Her son, a 30-year-old coolie worker, says he rushed home as soon as the neighbours called. It was he who found Durai’s phone inside their home. “There were only three numbers saved in it. I dialled the first one,” he says. According to him, the person who received the call identified himself as “the inspector” and asked: “Where are the sand lorries? Where are they? Not coming today?”

They believe the person at the other end was Mohammad Iqbal, the Special Sub-Inspector at the Muneerpallam police station, whom they would approach soon after to get their rape complaint registered.

The son says when they went to the police station, Iqbal registered the case under the Tamil Nadu Protection of Women Harassment Act instead of the SC/ST Prevention of Atrocities Act, 1989. The SC/ST Act provides for enhanced punishment for atrocities committed on SCs, STs.

“Iqbal also refused to give a receipt of the complaint and said I may be lying. ‘Who will rape you at this age?’ one officer asked me. When we handed over the evidence (the phone), Iqbal said he knew the accused and asked us to settle the matter. When we refused, he alleged I must have stolen the phone,” the woman says.

The 60-year-old spent the next four days at Tirunelveli general hospital. According to her, “The nurses too refused to believe I was raped. They ridiculed me, although I stood there bleeding till someone helped us get admission.”

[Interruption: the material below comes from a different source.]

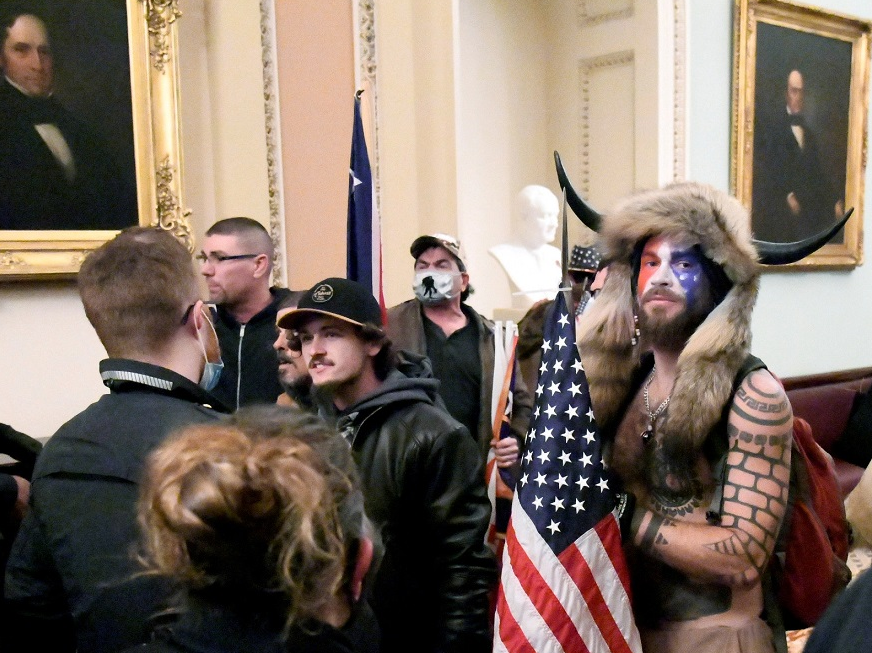 وتم تصوير تشانسلي في 6 كانون الثاني في أعمال شغب الكابيتول وهو ملون الوجه ويرتدي قبعة ذات قرون وبدون قميص. وطبقا لوثائق المحكمة فقد وقف لالتقاط الصور داخل قاعة مجلس الشيوخ وزعم أنه ترك رسالة تهديد على مكتب نائب الرئيس السابق بنس.

After medical reports confirmed rape, a minor alteration was made in the case category and it was filed as an unnatural offence under Section 377 of the IPC.

The woman says she then approached the district superintendent of police, who intervened to register it as a rape case. Her lawyer R Krishnan says, “That was the stage police altered her name, removing a letter in the FIR and cooking up a forged community certificate to project her as from a backward Christian community. After I showed the alterations to the district collector, he ordered a probe by the revenue divisional officer. They found that she belongs to the Scheduled Caste Pallar community,” he says.

It was then that a case was finally registered under the SC/ST Prevention of Atrocities Act. However, while rules say that in SC/ST Act cases, a chargesheet should be filed within 30 days, it is yet to be done in the case of the 60-year-old.

Tirunelveli district is known for cases of violence against lower castes by Thevars, a politically powerful community. Over a hundred caste-related murders have been recorded in the recent past, with the victims mostly Dalits.

Asked about the 60-year-old’s case, Tirunelveli District Collector M Karunakaran expresses surprise, adding he would take immediate steps for a chargesheet to be filed.

Muneerpallam police station officers deny trying to stall registration of a rape complaint while Iqbal, who continues to be a special sub-inspector, says he doesn’t know the accused.

Inspector Chandra Sekar claims it was the Revenue Department that “misguided” them with a false community certificate. “The case was handed over to the DSP at Cheranmahadevi after the SC/ST Act was invoked,” he adds. “We have been waiting for lab reports from Madurai, which has delayed the chargesheet.”